▶ _What to produce_: Would you return every entry below exactly as written, without its images?

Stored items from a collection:
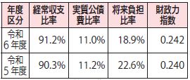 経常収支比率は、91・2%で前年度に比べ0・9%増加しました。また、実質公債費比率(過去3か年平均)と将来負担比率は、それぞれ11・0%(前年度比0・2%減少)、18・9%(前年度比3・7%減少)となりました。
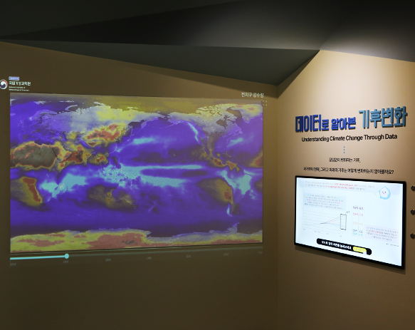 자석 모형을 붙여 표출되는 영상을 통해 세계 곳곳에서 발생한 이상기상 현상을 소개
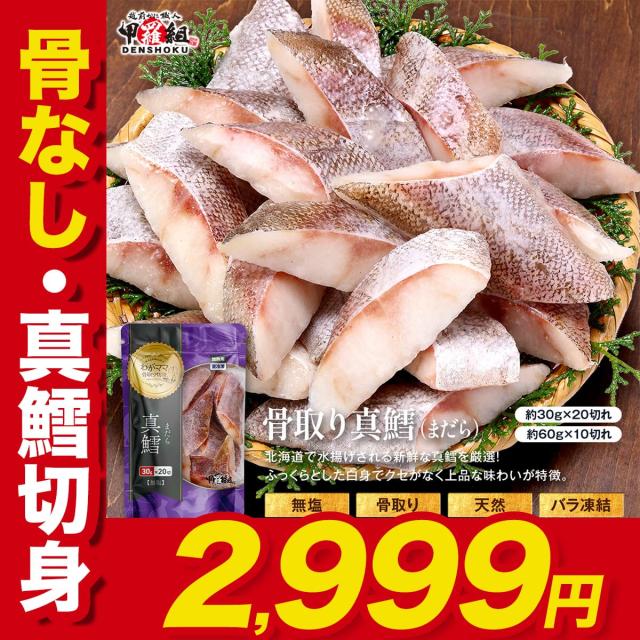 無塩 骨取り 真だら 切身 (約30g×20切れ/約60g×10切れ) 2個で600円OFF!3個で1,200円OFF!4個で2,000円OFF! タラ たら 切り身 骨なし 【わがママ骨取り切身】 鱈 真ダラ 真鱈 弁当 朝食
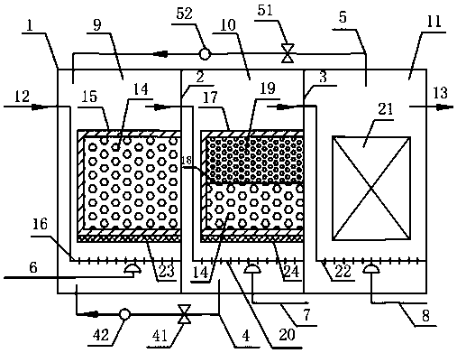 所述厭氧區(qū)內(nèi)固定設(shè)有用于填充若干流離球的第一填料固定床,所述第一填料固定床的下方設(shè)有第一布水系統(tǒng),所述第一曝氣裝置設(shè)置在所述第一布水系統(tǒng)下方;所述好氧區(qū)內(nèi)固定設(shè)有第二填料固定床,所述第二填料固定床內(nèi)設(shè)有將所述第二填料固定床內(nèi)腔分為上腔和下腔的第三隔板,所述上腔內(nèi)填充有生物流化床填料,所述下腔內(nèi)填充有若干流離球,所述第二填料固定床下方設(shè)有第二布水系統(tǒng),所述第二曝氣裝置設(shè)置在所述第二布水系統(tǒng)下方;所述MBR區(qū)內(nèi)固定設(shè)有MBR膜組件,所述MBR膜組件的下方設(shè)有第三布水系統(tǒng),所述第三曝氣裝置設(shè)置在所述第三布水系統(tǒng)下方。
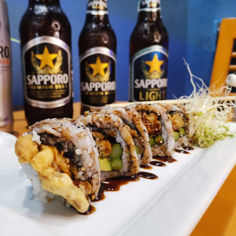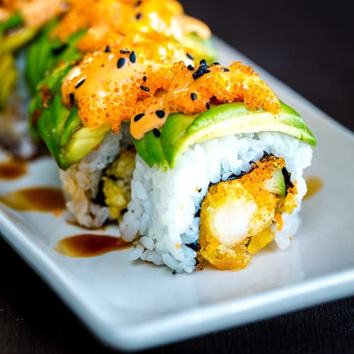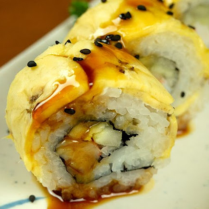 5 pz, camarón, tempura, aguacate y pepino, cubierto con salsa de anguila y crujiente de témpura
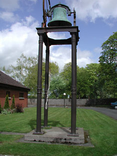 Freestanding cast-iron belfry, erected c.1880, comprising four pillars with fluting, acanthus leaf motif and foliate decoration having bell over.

▶ _Result for this task_:
 経常収支比率は、91・2%で前年度に比べ0・9%増加しました。また、実質公債費比率(過去3か年平均)と将来負担比率は、それぞれ11・0%(前年度比0・2%減少)、18・9%(前年度比3・7%減少)となりました。
 자석 모형을 붙여 표출되는 영상을 통해 세계 곳곳에서 발생한 이상기상 현상을 소개
 無塩 骨取り 真だら 切身 (約30g×20切れ/約60g×10切れ) 2個で600円OFF!3個で1,200円OFF!4個で2,000円OFF! タラ たら 切り身 骨なし 【わがママ骨取り切身】 鱈 真ダラ 真鱈 弁当 朝食
 所述厭氧區(qū)內(nèi)固定設(shè)有用于填充若干流離球的第一填料固定床,所述第一填料固定床的下方設(shè)有第一布水系統(tǒng),所述第一曝氣裝置設(shè)置在所述第一布水系統(tǒng)下方;所述好氧區(qū)內(nèi)固定設(shè)有第二填料固定床,所述第二填料固定床內(nèi)設(shè)有將所述第二填料固定床內(nèi)腔分為上腔和下腔的第三隔板,所述上腔內(nèi)填充有生物流化床填料,所述下腔內(nèi)填充有若干流離球,所述第二填料固定床下方設(shè)有第二布水系統(tǒng),所述第二曝氣裝置設(shè)置在所述第二布水系統(tǒng)下方;所述MBR區(qū)內(nèi)固定設(shè)有MBR膜組件,所述MBR膜組件的下方設(shè)有第三布水系統(tǒng),所述第三曝氣裝置設(shè)置在所述第三布水系統(tǒng)下方。
 5 pz, camarón, tempura, aguacate y pepino, cubierto con salsa de anguila y crujiente de témpura
 Freestanding cast-iron belfry, erected c.1880, comprising four pillars with fluting, acanthus leaf motif and foliate decoration having bell over.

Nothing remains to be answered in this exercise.